>>>>>

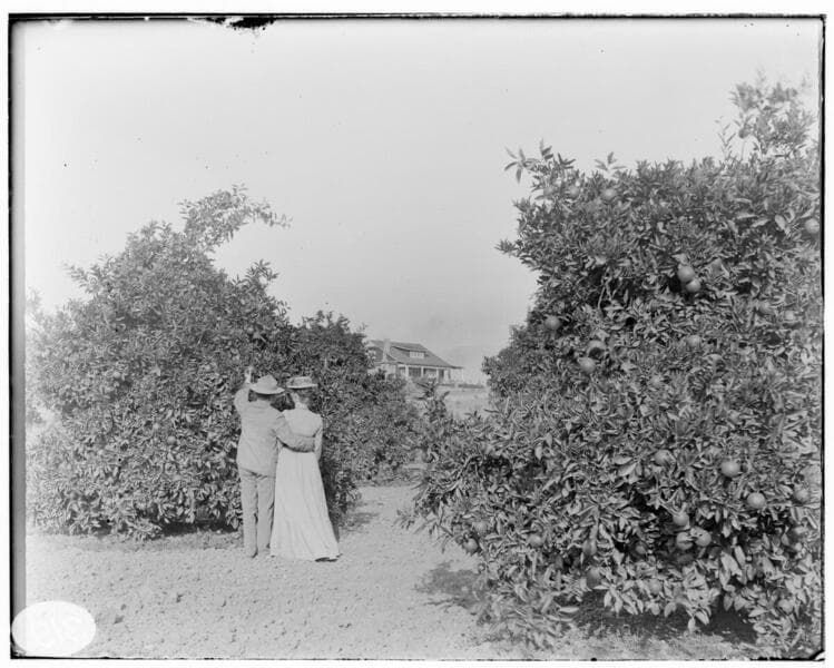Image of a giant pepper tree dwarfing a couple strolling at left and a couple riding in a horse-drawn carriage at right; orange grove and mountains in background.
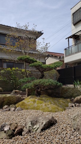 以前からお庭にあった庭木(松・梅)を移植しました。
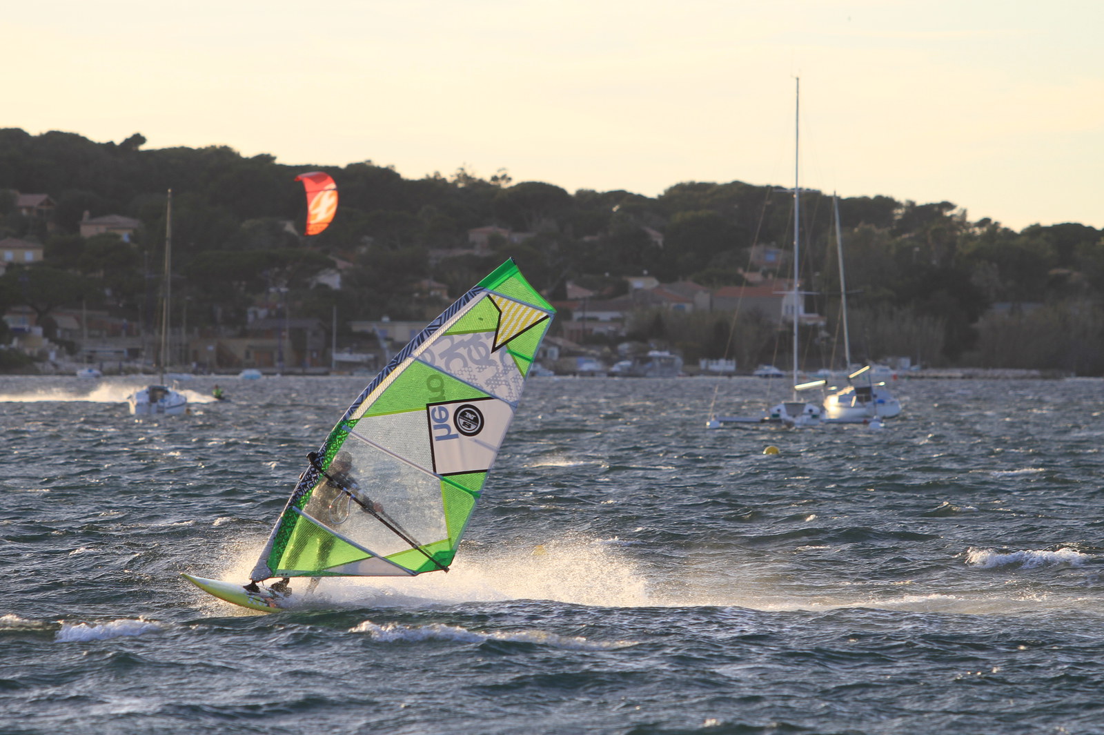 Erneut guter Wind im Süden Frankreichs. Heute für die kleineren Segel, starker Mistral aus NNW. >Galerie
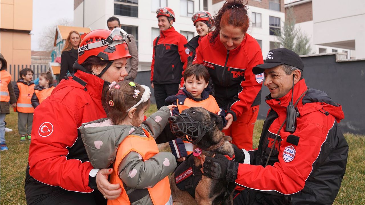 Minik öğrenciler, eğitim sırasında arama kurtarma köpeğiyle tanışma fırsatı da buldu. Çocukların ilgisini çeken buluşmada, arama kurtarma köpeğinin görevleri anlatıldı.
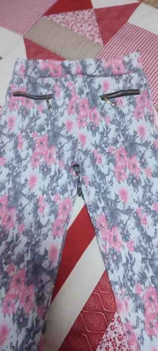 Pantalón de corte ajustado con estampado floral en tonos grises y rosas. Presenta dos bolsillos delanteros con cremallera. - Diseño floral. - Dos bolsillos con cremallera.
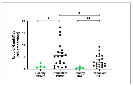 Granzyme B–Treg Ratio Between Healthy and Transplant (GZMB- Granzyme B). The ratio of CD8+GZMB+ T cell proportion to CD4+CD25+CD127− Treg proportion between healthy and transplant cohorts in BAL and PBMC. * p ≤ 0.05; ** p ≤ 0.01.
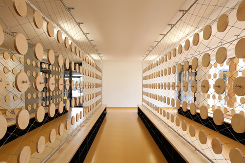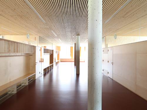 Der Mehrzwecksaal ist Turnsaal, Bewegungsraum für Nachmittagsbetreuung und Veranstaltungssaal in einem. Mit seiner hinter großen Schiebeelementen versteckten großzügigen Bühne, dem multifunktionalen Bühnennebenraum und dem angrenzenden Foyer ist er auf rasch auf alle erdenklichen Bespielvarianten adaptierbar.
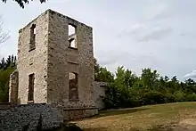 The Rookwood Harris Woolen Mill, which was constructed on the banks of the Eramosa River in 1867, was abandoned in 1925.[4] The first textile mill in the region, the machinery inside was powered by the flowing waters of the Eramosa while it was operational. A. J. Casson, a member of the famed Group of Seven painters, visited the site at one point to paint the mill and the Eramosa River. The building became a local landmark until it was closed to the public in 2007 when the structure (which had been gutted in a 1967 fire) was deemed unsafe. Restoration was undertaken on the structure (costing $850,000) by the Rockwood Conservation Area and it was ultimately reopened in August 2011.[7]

<<<<<

_Activity_: Look above for the line with "Erneut guter Wind" and the line with "Minik öğrenciler, eğitim". Give again exactly those two lines and all lines between them, pictures excluded.

_Result of this task_:
 Erneut guter Wind im Süden Frankreichs. Heute für die kleineren Segel, starker Mistral aus NNW. >Galerie
 Minik öğrenciler, eğitim sırasında arama kurtarma köpeğiyle tanışma fırsatı da buldu. Çocukların ilgisini çeken buluşmada, arama kurtarma köpeğinin görevleri anlatıldı.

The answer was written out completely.